Describe how an inducer molecule can activate gene expression in the lac operon.
In the presence of lactose, allolactose (an inducer) binds to the lac repressor, causing it to release from the operator, allowing RNA polymerase to transcribe the genes for lactose metabolism.
What is the role of master regulatory genes in cell differentiation?
Master regulatory genes encode transcription factors that activate a cascade of gene expression patterns, initiating a developmental program for a specific cell type.
Explain how restriction enzymes and plasmids are used in recombinant DNA technology.
Restriction enzymes cut DNA at specific sequences. Plasmids (circular DNA vectors) can be opened with the same enzyme and recombined with the target gene. The recombinant plasmid is introduced into bacteria for gene expression or cloning.
How do hydrogen bonds and covalent bonds function differently in the DNA double helix?
Hydrogen bonds hold complementary nitrogenous bases together across strands (A-T, C-G), allowing for strand separation during replication and transcription. Covalent phosphodiester bonds form the backbone between the sugar and phosphate groups, maintaining strand integrity.
How does alternative splicing contribute to protein diversity?
Alternative splicing allows a single gene to produce multiple mRNA variants by including or excluding specific exons, leading to different proteins with potentially distinct functions from the same gene.
Explain how enhancers and transcription factors regulate eukaryotic gene expression.
Enhancers are distal DNA elements where activator proteins bind. These activators interact with transcription factors at the promoter through DNA looping, increasing RNA polymerase binding and transcription rate.
How can mutations in non-coding regulatory regions affect gene expression and phenotype?
Mutations in promoters, enhancers, or silencers can alter transcription factor binding, affecting when, where, and how much a gene is expressed, potentially changing phenotype without altering coding sequences.
What is the function of CRISPR-Cas9 in genome editing?
CRISPR-Cas9 uses a guide RNA to target a specific DNA sequence. The Cas9 enzyme makes a double-strand break at this site, allowing genes to be inserted, deleted, or altered during the repair process.
Predict how replacing a purine with another purine versus a pyrimidine would affect DNA structure. Use molecular reasoning.
Replacing a purine with another purine (e.g., A → G) keeps the DNA width relatively unchanged, but may affect hydrogen bonding. Replacing a purine with a pyrimidine (e.g., A → C) changes the helix diameter and may distort the DNA, potentially interfering with replication or repair.
Compare and contrast DNA replication and transcription in terms of enzymes involved, directionality, and final products.

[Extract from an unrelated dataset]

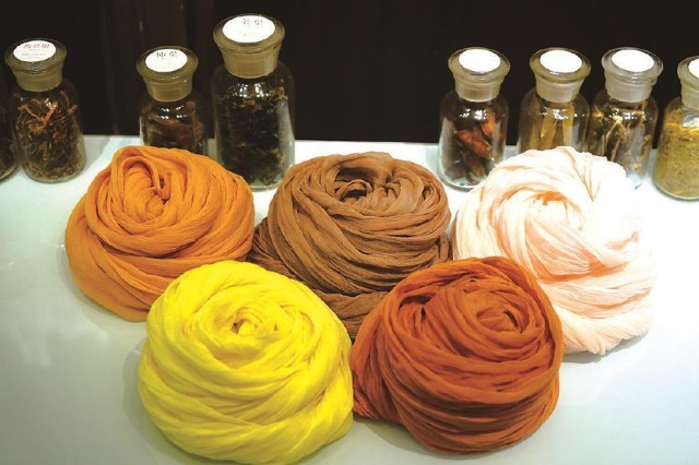 而與大多數(shù)傳統(tǒng)色彩研究者不同的是,曾啟雄極為重視實(shí)驗(yàn)考證。作為一位技藝精湛的染色家,其論著里介紹傳統(tǒng)染色的文本內(nèi)容及圖片,都是他親歷親為、反復(fù)實(shí)驗(yàn)后的成果,這也是該書最為精彩之處。在染色實(shí)驗(yàn)過程中,除了復(fù)原了傳統(tǒng)顏色的本來面貌外,作者還做出如下貢獻(xiàn):首先,通過大量實(shí)驗(yàn)印證了古籍記載的真?zhèn)?,并糾正了其中一些不實(shí)之處。比如,他通過在柘木里添加明礬、高溫染色后的結(jié)果,顛覆了以往認(rèn)為唐代帝王穿用的“柘黃”袍服是暗淡赭黃色的普遍認(rèn)知,印證其應(yīng)為類似明清時(shí)代帝王使用的明黃色。其次,使用不少篇幅介紹了不同的染料、媒介物等因素對于染色效果等的制約作用。以石榴皮作為染材為例,當(dāng)它與不同媒染劑,如明礬、鐵等進(jìn)行染色時(shí),則會形成由黃色到黑褐色的不同顏色。即使采用相同的染法,因棉麻絲綢等介質(zhì)迥異,也會染出不同顏色等。最后,該書對于各種染料特點(diǎn)、工藝程序、顏色效果等的表述,較其他相關(guān)論著也更加纖悉無遺和引人入勝,如關(guān)于紫膠蟲的染色工序的詳盡介紹等,讓讀者有一種身臨其境、意欲參與的感受。
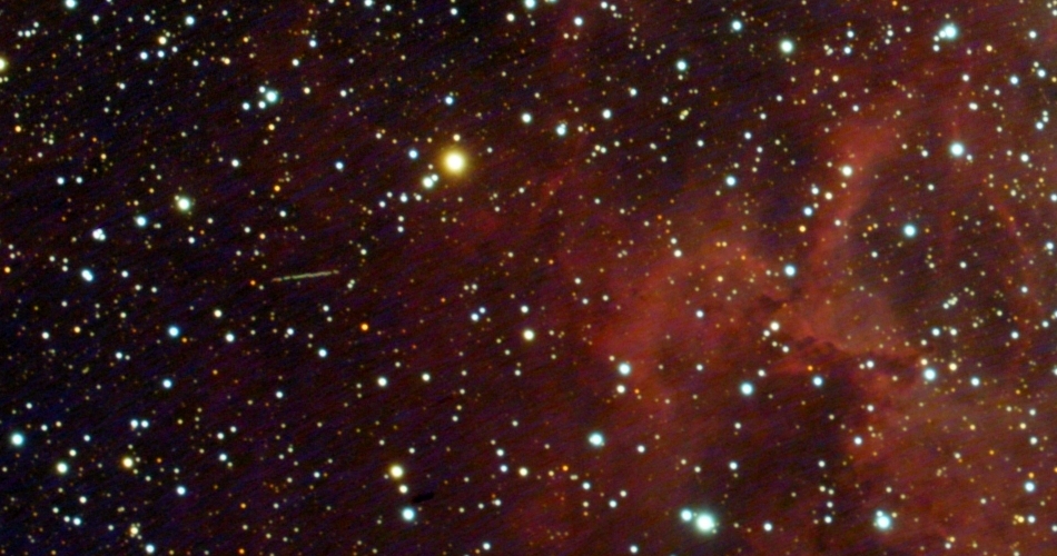 Strichspur eines von mir nicht identifizierbaren Asteroiden unmittelbar östlich des Rosettennebels NGC1499 (Mon) am 24.12.2025, f = 300 mm, QHY294C, IRB-Filter, skaliert auf 100% der Originalauflösung.

DNA replication uses DNA polymerase to produce two identical DNA molecules in a semi-conservative manner. Transcription uses RNA polymerase to produce a single-stranded mRNA copy of one gene. Both proceed 5' to 3', but replication involves more enzymes (e.g., helicase, primase) and generates DNA, while transcription creates RNA.
How can epigenetic modifications such as DNA methylation and histone acetylation affect gene expression without altering the DNA sequence.
DNA methylation typically silences genes by compacting chromatin or blocking transcription factor binding. Histone acetylation loosens chromatin structure, allowing greater access to DNA for transcription machinery, thereby enhancing gene expression.
Describe how gene expression is altered in cancer cells and relate this to mutations in proto-oncogenes and tumor suppressor genes.
Mutations that activate proto-oncogenes (e.g., Ras) can cause unchecked cell growth. Loss-of-function mutations in tumor suppressor genes (e.g., p53) impair cell cycle checkpoints or apoptosis, allowing damaged cells to proliferate, leading to cancer.
Evaluate the ethical considerations and potential risks of using gene editing technologies in human embryos.
Ethical concerns include unintended off-target effects, long-term consequences, consent issues, and the potential for eugenics. While gene editing holds promise for disease prevention, its use in germline cells raises significant societal and moral questions.